What they do then is up to them.
On a miss, for either NPCs or PCs, be prepared for the worst. (142)

This is our second move PCs can undertake to try to get someone to do what we want, and it’s a damn effective move. The only two requirements for the move are that we 1) tell them what we want, and 2) give them a reason. There are no limits imposed by the move beyond that. There is no caveat in the rules here that says the thing you want them to do has to be reasonable or something they would typically agree to do. In the explanation of Read a Person, we are told “’Dude, sorry, no way’ is a legit answer to ‘how could I get your character to___?’” (146) but no such guidance is given here. You are invited to be as far or as close reaching as you’d like.

Thematically, this means that everyone in Apocalypse World has a price. Further, the currency for that price is not fixed. Sex, drugs, money, power, promises of rewards – all of these (and more) are potentially effective on every one you meet.

Well, that’s all good thematically speaking, but how does a move like this exist without being abused left, right, and center? What is to stop you from trying to solve the problem of an invading enemy force with some sexy moves? I haven’t heard any tales of the move being abused horribly, so what keeps it functioning?

I think there are two things that make this move reliably work. Actually those two things are really one thing: the equality of all the players at the table. The game doesn’t assign authority to any one person in determining if and when a move is triggered. As we’ve covered before, moves trigger via a natural and often unspoken negotiation. The player and the MC have to agree that the move has been triggered, so if a player wants a ridiculous return on a tiny investment, the MC can raise her eyebrows to get negotiations rolling. So that’s the first thing of this one thing: the built-in negotiation between players for moves to trigger from the fiction.

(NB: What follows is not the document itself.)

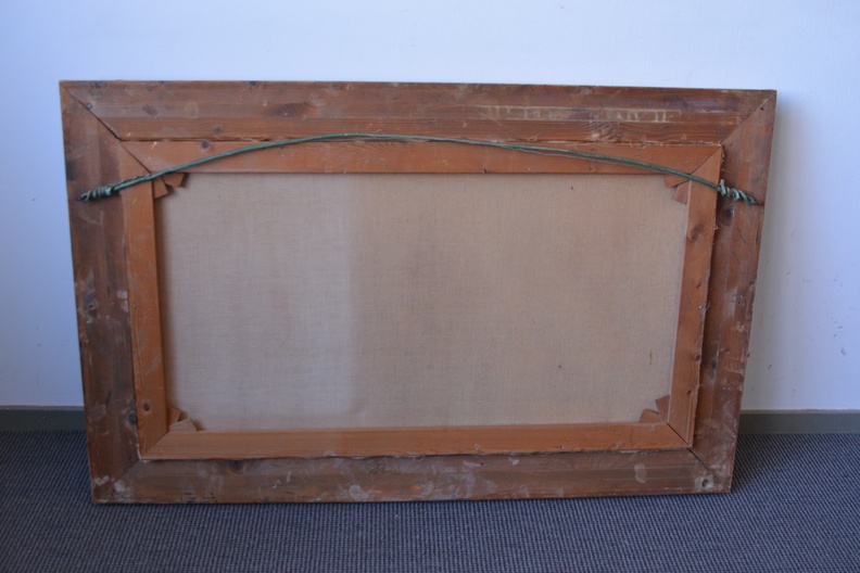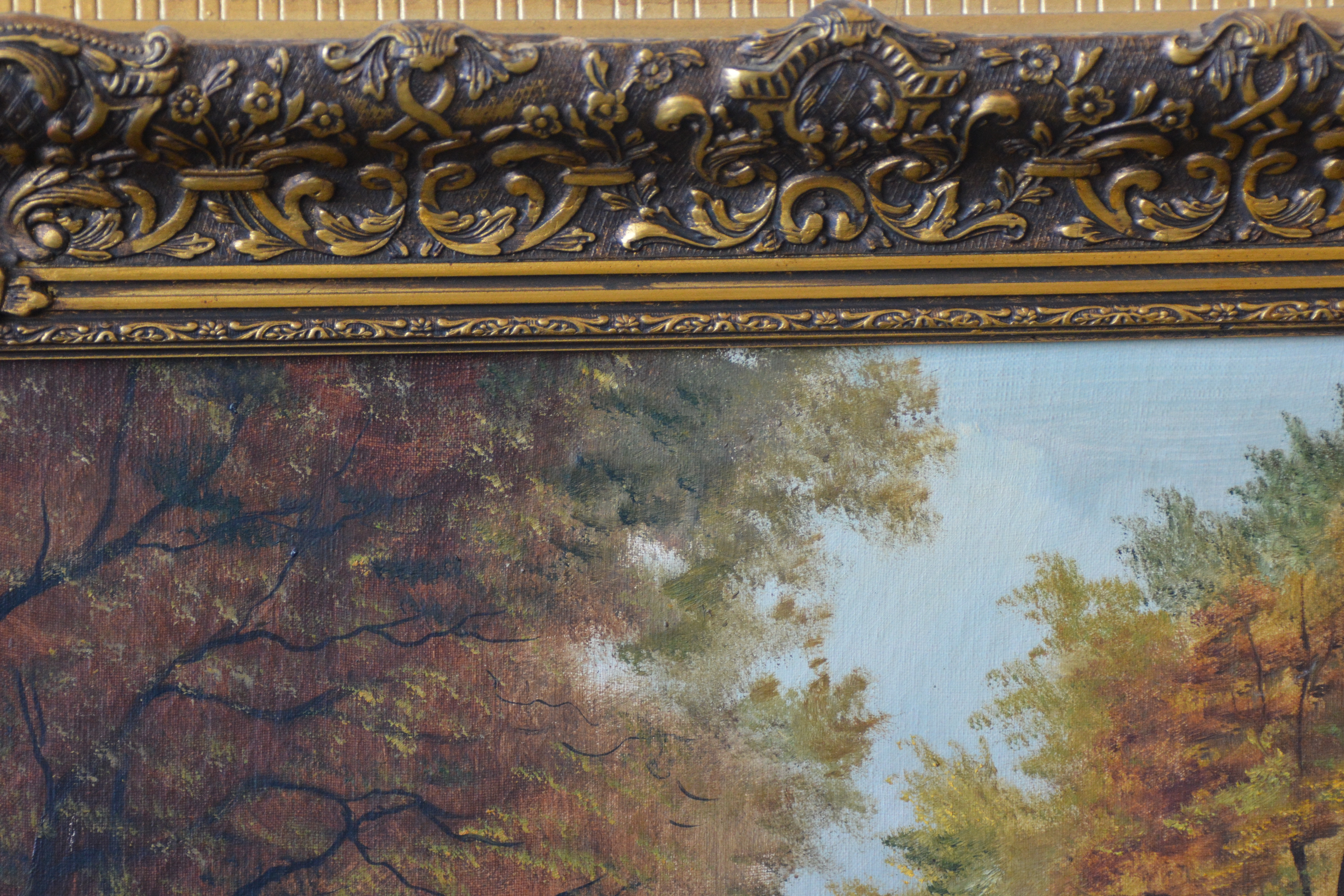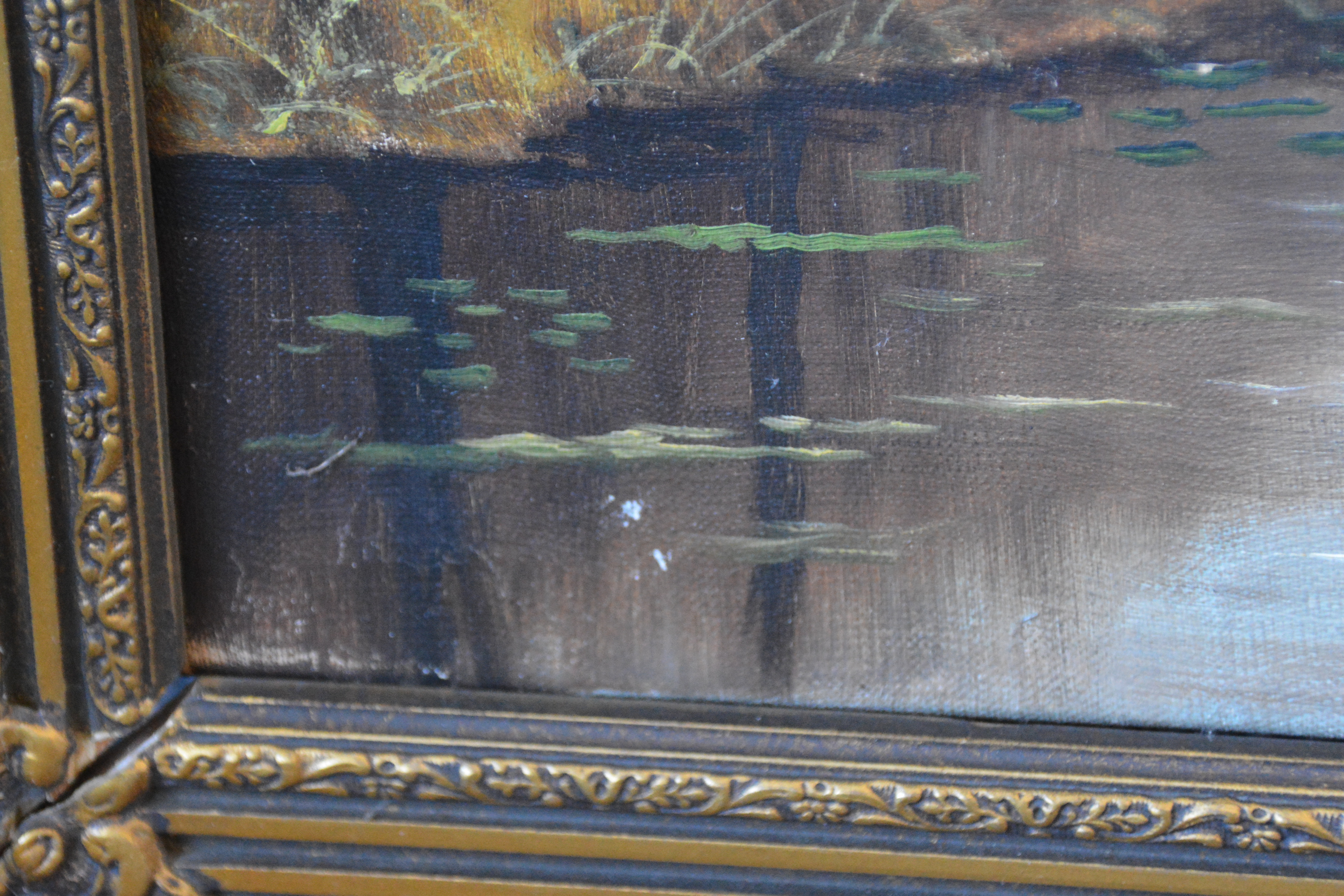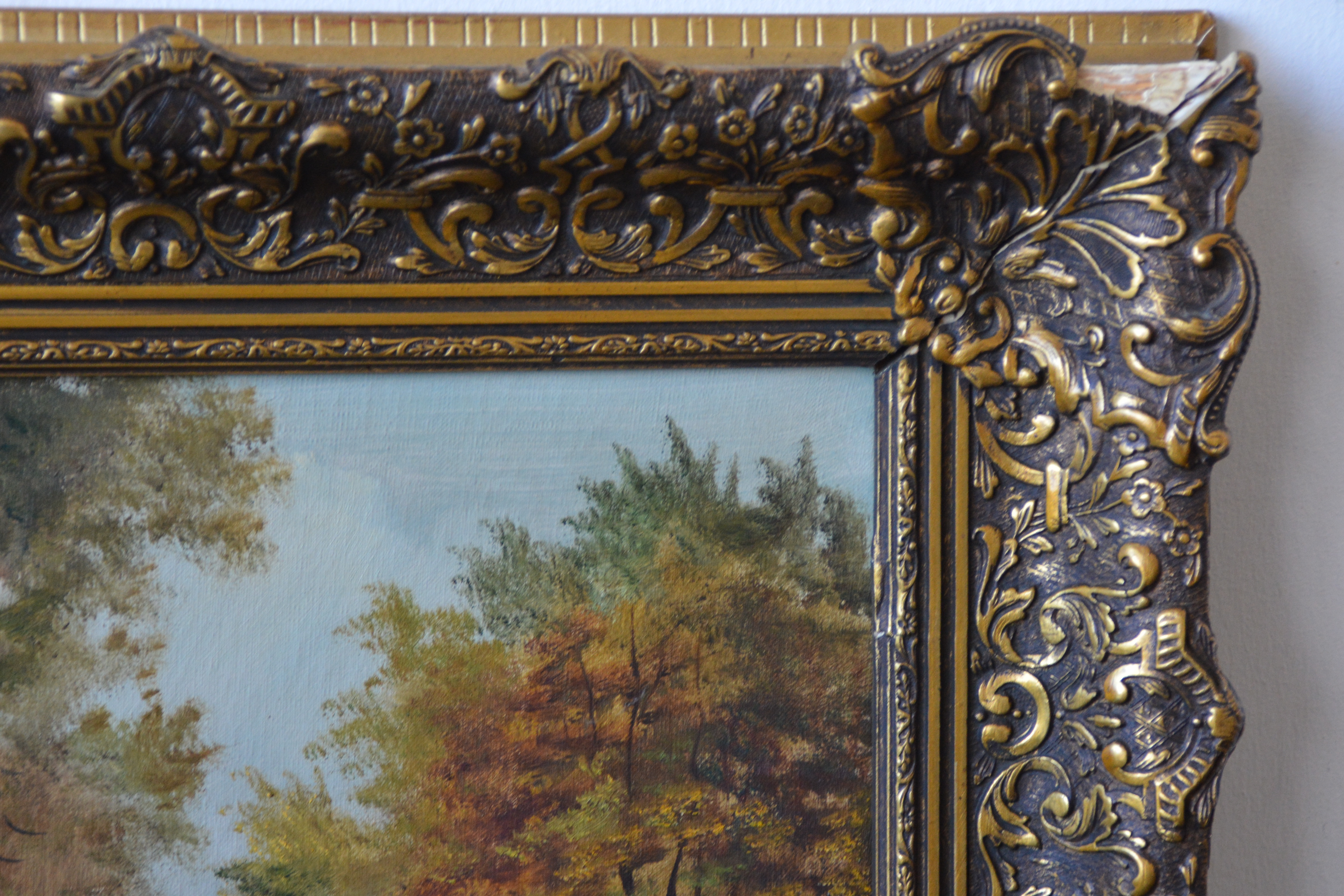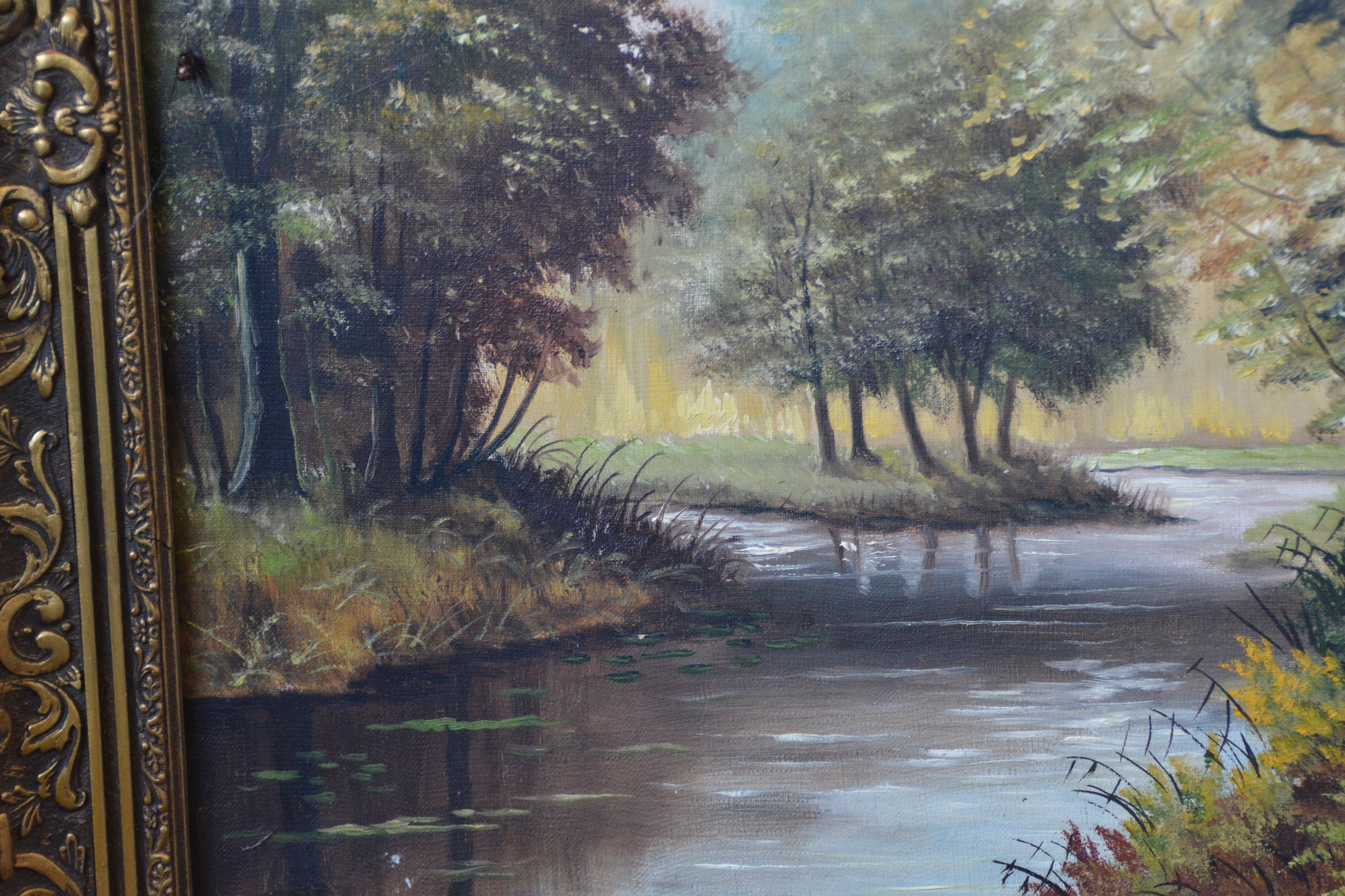 Met rijkelijk bewerkte braaklijst. Herfsttafereel met een pad dat door een bos voert, grenzend aan een waterpartij. Het werk is niet zichtbaar gesigneerd. Olieverf op doek. Kleine beschadiging rechter onderste hoek.

The second thing of this one thing is the way the move is written. You are free to tell your target anything at all you want them to do. Period. But the anchor and limiter to that request or demand is the second part of the move: you have to give them a reason. If you want someone to do big things, you are going to have to give them big things. The reason that you give will naturally be a part of those negotiations between player and MC. You want her to call off her brute squad and leave the townsfolk in peace? And you think that is going to move her?

The question, then, becomes not can you try to get them to do what you want, but how much are you willing to pay to get them to do the thing you want. The twin levers of “tell them what you want them to do” and “give them a reason” always work in tandem, and they ensure that no matter what offer or threat is made, the story is bound to profit by it. In this way, it’s a self-scaling move.

One of the awesome things about playing Apocalypse World, whether you’re piloting the PCs or driving the world around them as the MC, is that you can play as hard as you’d like, that you are in fact rewarded for pushing hard. The scaling power of seduce or manipulate is one of the ways the game allows for and encourages all that pushing without ever threatening play itself. As an MC, you can throw horrible consequence after horrible consequence at the players because their moves give them the tools to deal with whatever comes their way. You never know what the characters are truly made of until you put them in a pressure-cooker of a situation; then we’ll see what they think is worth fighting for, and we’ll see what they are willing to pay to get what they want.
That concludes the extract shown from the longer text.